Exercise details =>
An exact transcription is needed of the lines below from the one with "Séance pédagogique d'éducation" through the one with "段組みブロックのCSSで、1", with no other lines and no pictures.

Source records
______

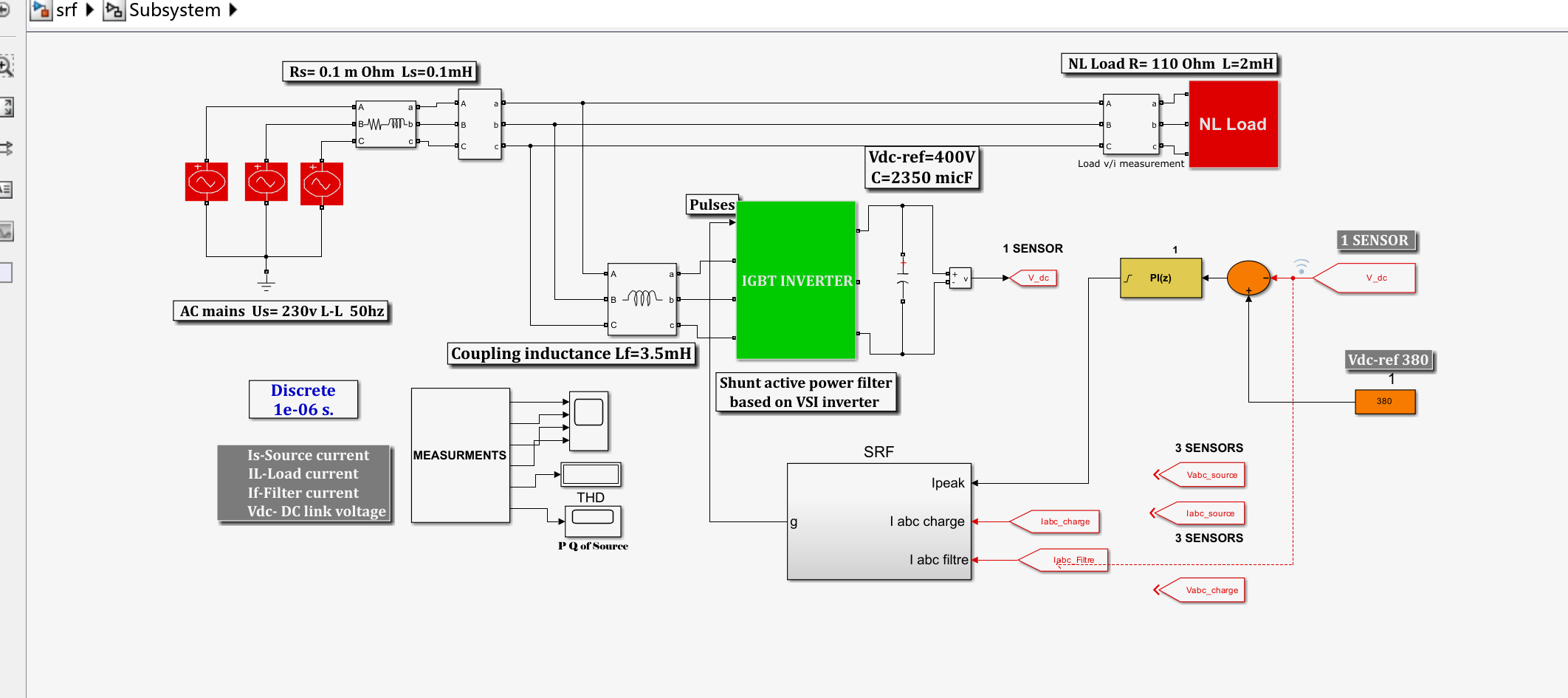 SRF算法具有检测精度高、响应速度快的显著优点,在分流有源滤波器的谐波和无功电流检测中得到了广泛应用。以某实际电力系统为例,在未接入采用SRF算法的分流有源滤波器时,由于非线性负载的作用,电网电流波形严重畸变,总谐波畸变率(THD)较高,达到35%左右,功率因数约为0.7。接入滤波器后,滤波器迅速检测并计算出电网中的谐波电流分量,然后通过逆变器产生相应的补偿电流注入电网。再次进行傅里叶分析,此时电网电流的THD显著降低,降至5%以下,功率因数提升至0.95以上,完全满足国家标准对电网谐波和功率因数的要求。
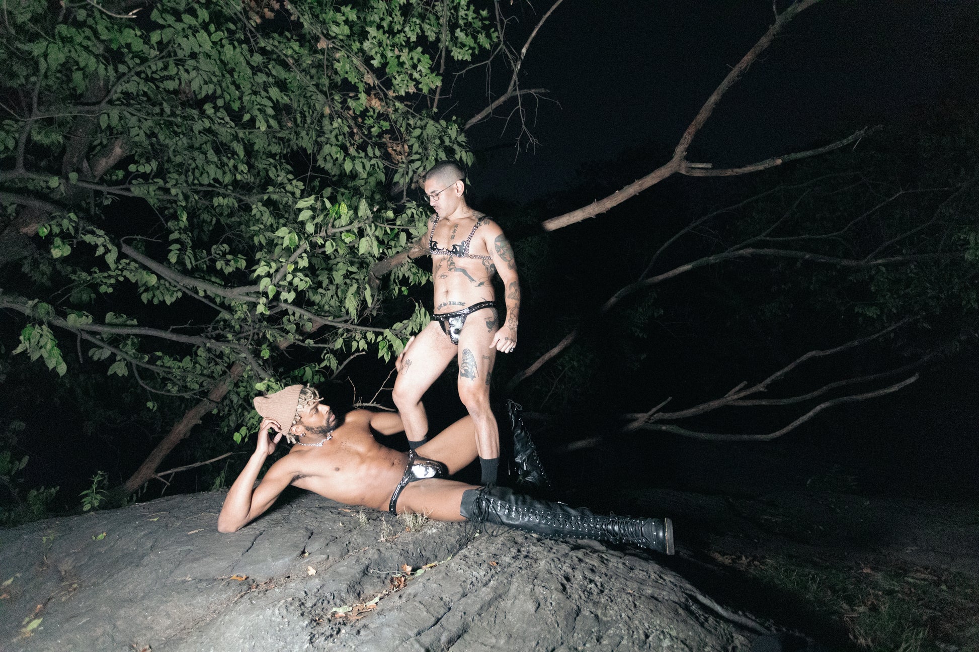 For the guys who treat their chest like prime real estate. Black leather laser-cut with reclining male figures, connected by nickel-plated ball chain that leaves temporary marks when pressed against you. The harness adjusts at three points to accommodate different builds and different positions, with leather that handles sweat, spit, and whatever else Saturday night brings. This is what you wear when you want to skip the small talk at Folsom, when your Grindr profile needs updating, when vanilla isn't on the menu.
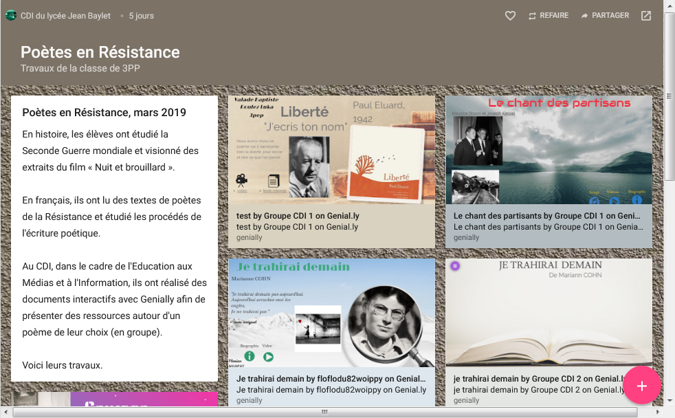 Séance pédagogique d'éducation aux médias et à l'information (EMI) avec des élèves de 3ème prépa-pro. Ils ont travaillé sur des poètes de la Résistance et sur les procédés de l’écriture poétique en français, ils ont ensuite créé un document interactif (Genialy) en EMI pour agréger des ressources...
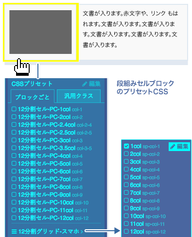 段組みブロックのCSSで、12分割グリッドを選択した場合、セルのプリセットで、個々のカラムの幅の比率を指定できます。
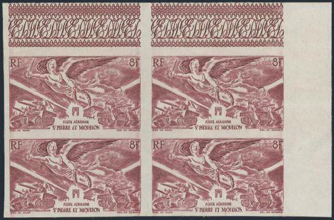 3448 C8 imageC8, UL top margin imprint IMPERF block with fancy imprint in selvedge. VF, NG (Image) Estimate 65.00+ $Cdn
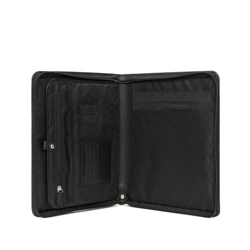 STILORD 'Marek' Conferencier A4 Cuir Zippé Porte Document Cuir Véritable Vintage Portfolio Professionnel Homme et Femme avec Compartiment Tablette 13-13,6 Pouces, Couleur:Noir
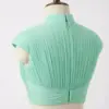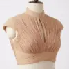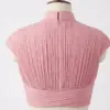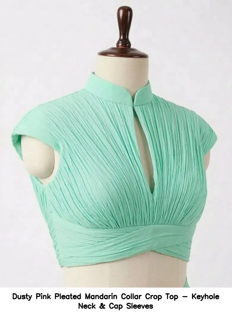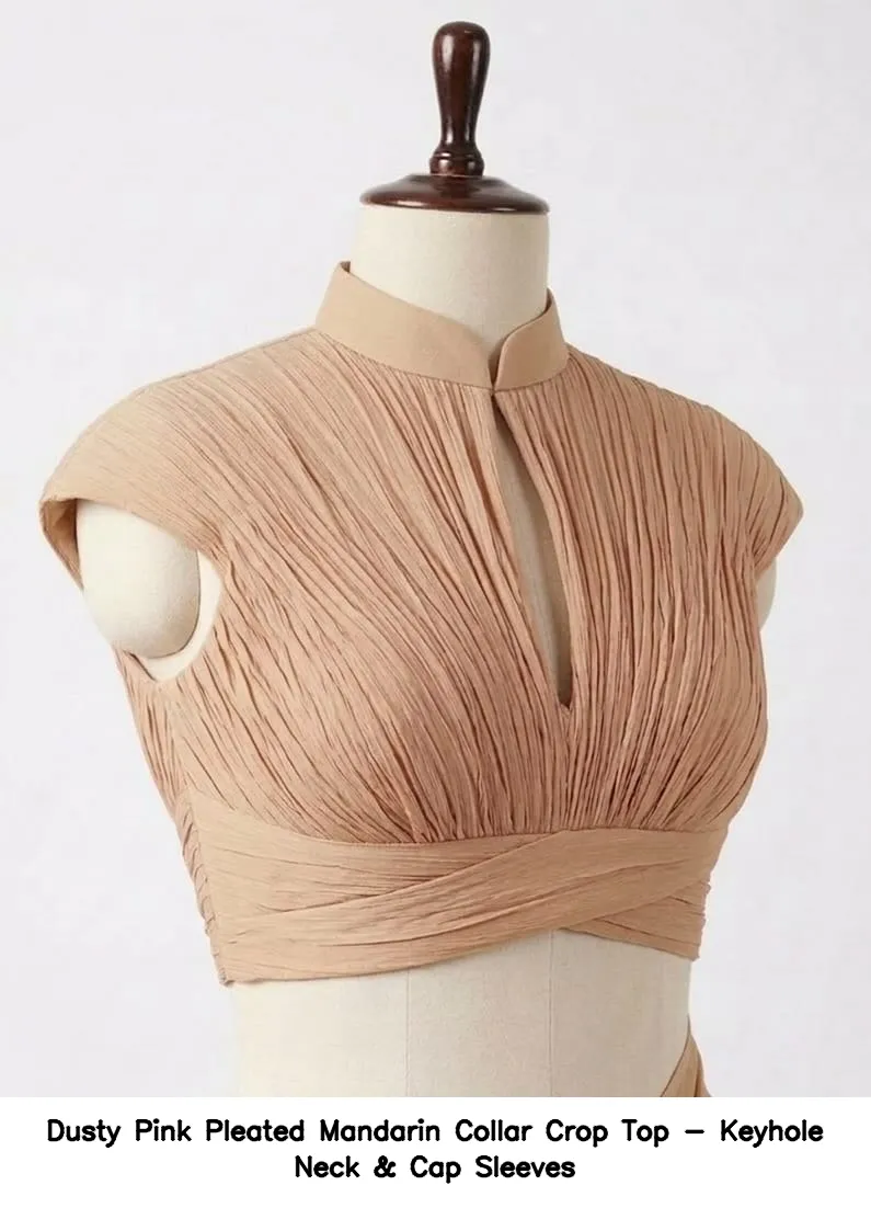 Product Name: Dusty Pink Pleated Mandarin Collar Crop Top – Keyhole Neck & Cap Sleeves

______

Result of this task =>
 Séance pédagogique d'éducation aux médias et à l'information (EMI) avec des élèves de 3ème prépa-pro. Ils ont travaillé sur des poètes de la Résistance et sur les procédés de l’écriture poétique en français, ils ont ensuite créé un document interactif (Genialy) en EMI pour agréger des ressources...
 段組みブロックのCSSで、12分割グリッドを選択した場合、セルのプリセットで、個々のカラムの幅の比率を指定できます。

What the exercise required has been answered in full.